We have used the IRAM Plateau de Bure Interferometer to map CO ( 3–2 ) emission from the gravitationally lensed Lyman break galaxy MS 1512–cB58 .
This is the first detection of a molecular emission line in any Lyman break system ; its integrated intensity implies a total molecular gas mass of 6.6 ^ { +5.8 } _ { -4.3 } \times 10 ^ { 9 } h _ { 0.7 } ^ { -2 } M _ { \odot } , while its width implies a dynamical mass of 1.0 ^ { +0.6 } _ { -0.4 } \times 10 ^ { 10 } { csc } ^ { 2 } i h _ { 0.7 } ^ { -1 } M _ { \odot } ( for a flat \Omega _ { \Lambda } = 0.7 
cosmology ) .
These estimates are in excellent concordance with nearly all parameters of the system measured at other wavelengths , and yield a consistent picture of past and future star formation with no obvious discrepancies requiring explanation by differential lensing .

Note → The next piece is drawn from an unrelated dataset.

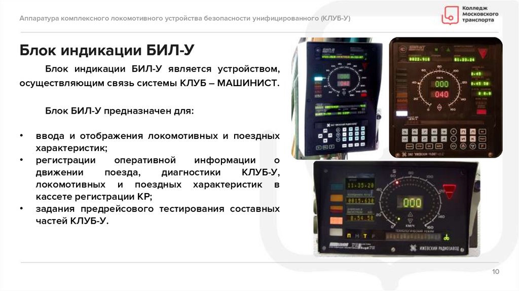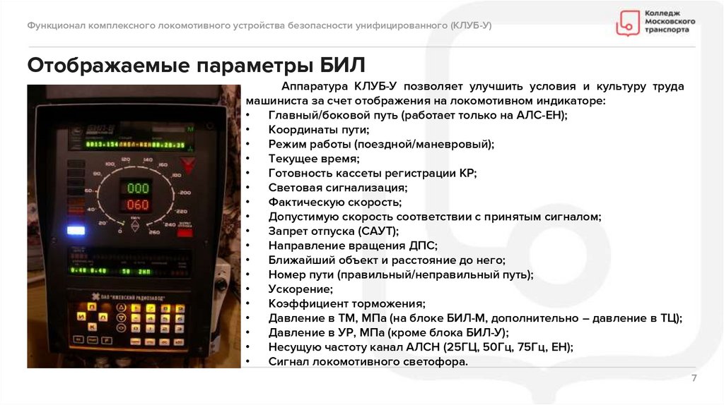 Функционал комплексного локомотивного устройства безопасности унифицированного (КЛУБ-У)Отображаемые параметры БИЛ

In particular , we find that the age and remaining lifetime of the current episode of star formation are likely to be similar ; the surface densities of star formation and molecular gas mass are related by a Schmidt law ; and the fraction of baryonic mass already converted into stars is sufficient to account for the observed enrichment of the interstellar medium to 0.4 Z _ { \odot } .
Barring substantial gas inflow or a major merger , the stars forming in the current episode will have mass and coevality at z = 0 similar to those of a spiral bulge .
Assuming cB58 is a typical Lyman break galaxy apart from its magnification , its global parameters suggest that the prescriptions for star formation used in some semi–analytic models of galaxy evolution require moderate revision , although the general prediction that gas mass fraction should increase with redshift is validated .
The length of cB58 ’ s star formation episode relative to the time elapsed over the redshift range 2.5 \leq z \leq 3.5 strongly argues against scenarios in which observed LBGs cohabit their halos with a large number of similar but “ dormant ” systems whose starbursts have faded or not yet begun .
As a useful empirical result , we find that the observed line/continuum ratio for cB58 is similar to those of high–redshift systems with quite different dust luminosities and nuclear activity levels .
Finally , we report the detection of a second source close to the position of the cD elliptical in the z = 0.37 lensing cluster , which may be nonthermal continuum emission from the cD or CO line emission from a hitherto unknown background galaxy at z \sim 1.48 or z \sim 2.73 .